Consider: we send each other plain-text emails, which can be written and read according to standard text encodings, rather than, say, the absurd idea of sending executable VM Images with an OS and a word processor, along with document in the word processor's proprietary format

The ML model, once trained, can be viewed as data. 

It should be possible to 
* manage this data using standard, well known data-management tools and practices
* create this data using any compliant tool
* consume this data using any compliant tool
* validate that this data has a single universal interpretation
    * why is this important? consider the impact of tiny difference in implementation of, say, *ln(x)* on inference at scale

## How Can We Address this Separation-of-Concerns Problem?

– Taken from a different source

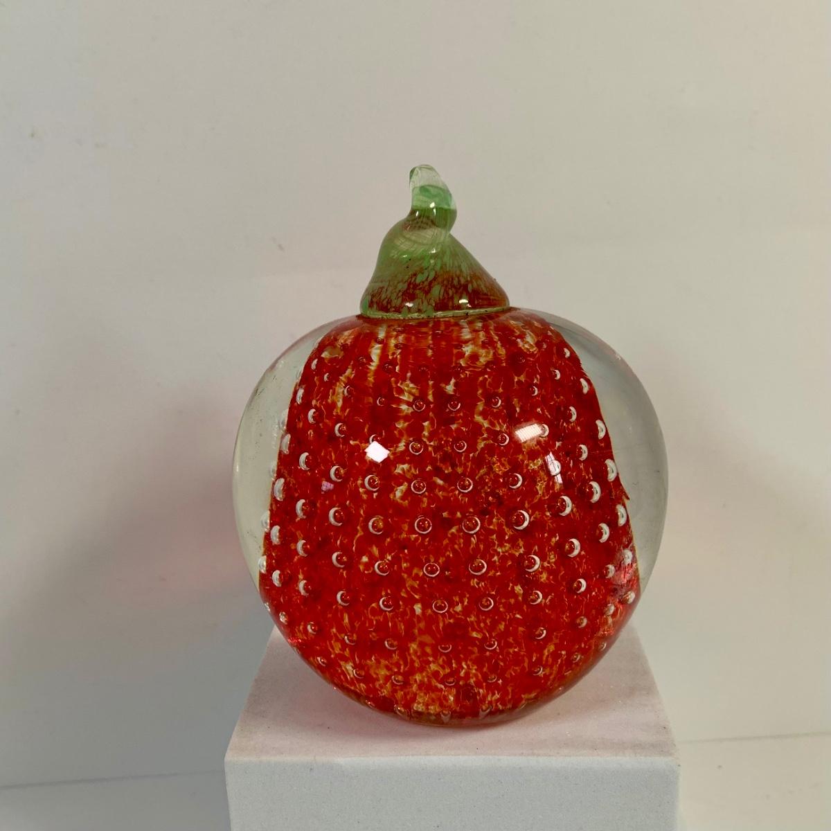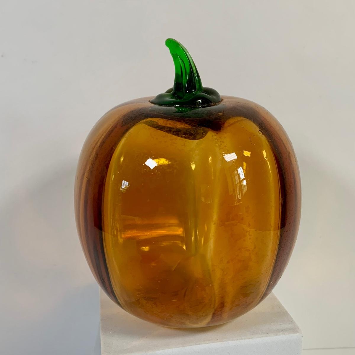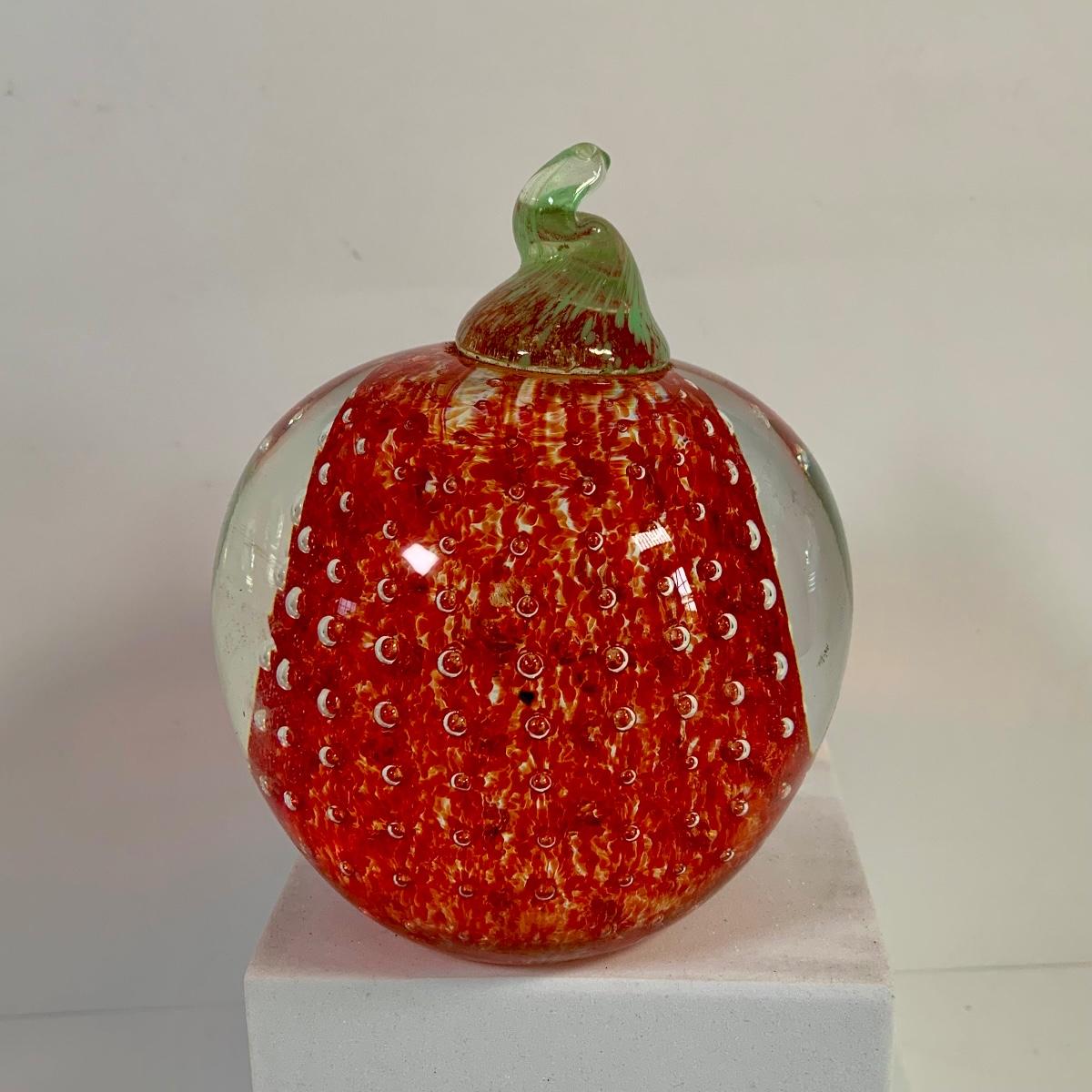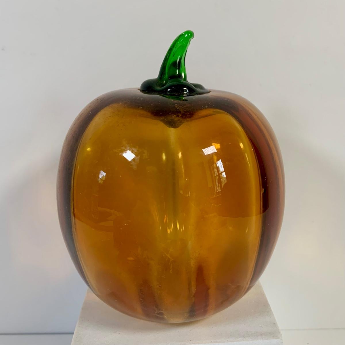 LOT 33: Alabaster Apple, Glass Pumpkin Paper Weight and Art Glass Pumpkin

__Get the model *out* of the model-creation environment (both logically and physically)__

Physically: create a separate entity like a file

Logically: ensure that entity is independent -- so saving a scikit-learn model as a pickle file (which will later need scikit-learn after being unpickled) does not count as a solution


## What Kind of Separate File Do We Want?

Ideally, we'd like a format that is ...
* an open, cross-industry standard
* not owned or controlled by any one organization
* not encumbered by intellectual property restrictions (licensing rules)
* works with many ML tools, on many platforms
* time/space efficient
* robust (can support many kinds of ML models, including future types)
* consistent (produces the same output for the same model, no matter the deployment OS, architecture, etc.)
* simple (does not support unnecessary operations)
* secure (minimizes attack surface by design, offers verifiability, etc)
* is human readable (or can be made human readable)
* can be managed in any database, content-management system, source control, etc.

*As in most engineering scenarios, there is no single, magical solution that hits every bullet-point*

But there are number of approaches which offer many of these attributes and which are worthy of consideration.

This session looks at several of these tools.